Reading this book was a total rollercoster for me. For several years after that I did the affirmations and the moodboards almost religiously and yet while my imagination triumphed during that time, my reality did the opposite. After being lifted up so high by the mumbo jumbo of the positive thinking and law of attraction, my world came crashing down like a house of cards after a setback I had with the first internship I was supposed to start, but never did. Along with it, affirmiations, moodboards and the like went down the drain as well. The only thing that remained during those dark times was my incessant stubborn belief in myself and the very badass “I’ll show them” attitude, which honestly I think I was born with, because for the life of me I can’t really find a suitable enough explaination on how it could ever be groomed.
Rewind 16 years later to a one particularly sunny day in Skopje, I was going through my emails and I stumbled upon one coming from Roxie Nafousi’s stylist requesting to pull some of Bastet Noir’s pieces for her upcoming summer tour of promoting her book. If I’m being totally honest with you, up until that point I had no idea who Roxie was. So I went on and did a little digging. Turned out this woman has not only found a way to revive and make relevant centuries old teaching, but has made a brand out of it. Now, a little disclaimer here, I have not read Roxie’s book, so take what I’m about to say with a grain of salt, but it did take me back to those “manifesting” days of mine and it did make me smile on my naïvité.
Several days later, the topic of manifesting came up yet again while I was talking to a friend of mine, who every once in a while is living the life of the one percenters of this world on an income of the regular Joe. Before I delve in any deeper into what we talked about, I want to make something perfectly clear. This is in no way an attack on her character nor on those who’ve choosen to live their lives this way. God knows I was one of these people not that long ago. It’s in no way wrong to aspire to a certain type of lifestyle and if you work hard for your money, no one has the right to tell you how to spend them. You and you alone knows what makes you happy. However, I want to figure out how this detachment between one’s reality and one’s wishes comes to be and I think this dangerous line of thought called “manifesting” has something to do with it.
Anyway back to the conversation we had.
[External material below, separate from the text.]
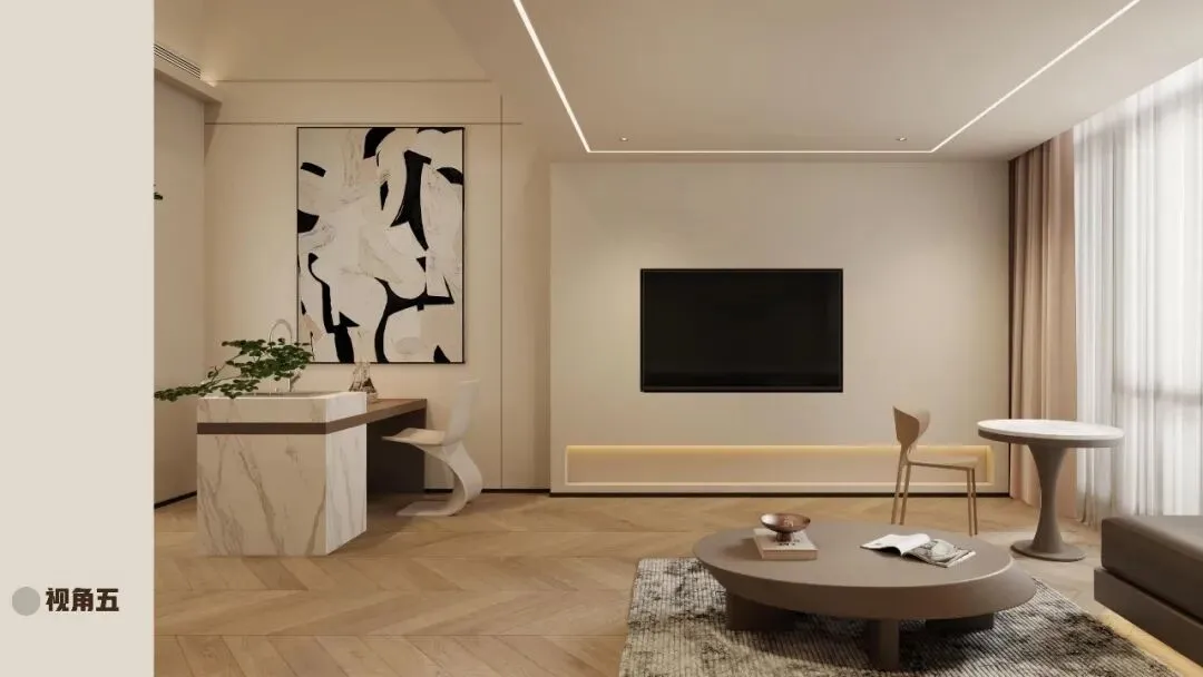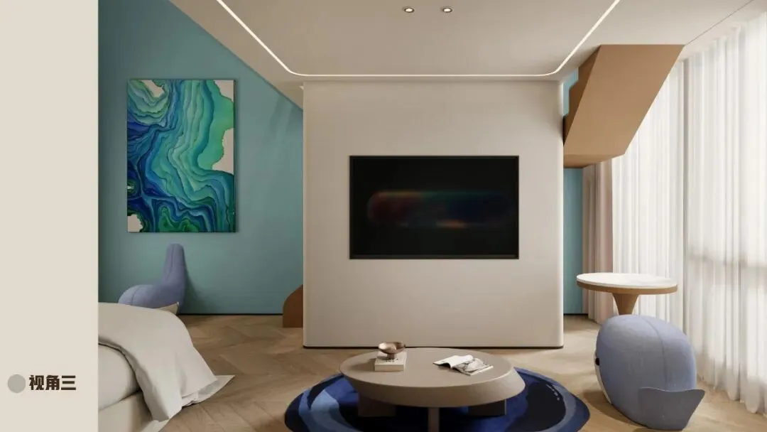 细节:无多余装饰,仅以一幅抽象海浪画或一件玻璃浮球摆件呼应海洋主题。

So this friend of mine, has a friend who belongs to a higher upper class who has said something along the lines of “If you think abundant thoughts, abundantness will ensue” which got me wondering “Is manifesting a luxury only well off people can afford?”. While there’s nothing wrong in thinking happy thoughts and being optimistic about the future, after all this type of mindset gets you faster over the hurdles and piles of issues which are an inevitable part of the fabric of life and it could be of help when you’re trying to let go of something that no longer serves you, sometimes it can put the wrong idea in your head, especially when you’re sitting on the sidelines, having one foot in and watch how rich people live their lives, it’s only natural that you want to do it too or at least try thinking for a few days in your life you can emulate what for them is just a regular Wednesday. The fact of the matter is that you can’t unless you have your basics covered, like roof over your head and money set aside for rainy days and sadly no manifesting in the world can help you get these essentials, if your approach towards money is Oscar Wilde’s idea of a good time.
My relationship with manifesting has been rocky at best throughout these past two decades going back to when I first discovered “The Secret”. Throughout those years, there were times when I had been rich and then poor, times when I was in between of course, when I thought I was rich, but in reality my mom and dad were and times when I’ve made it rain, spending money like there’s no tomorrow in a desperate attempt to create memories and life experiences. When I take a step back and look at all those times here’s what I keep coming back to.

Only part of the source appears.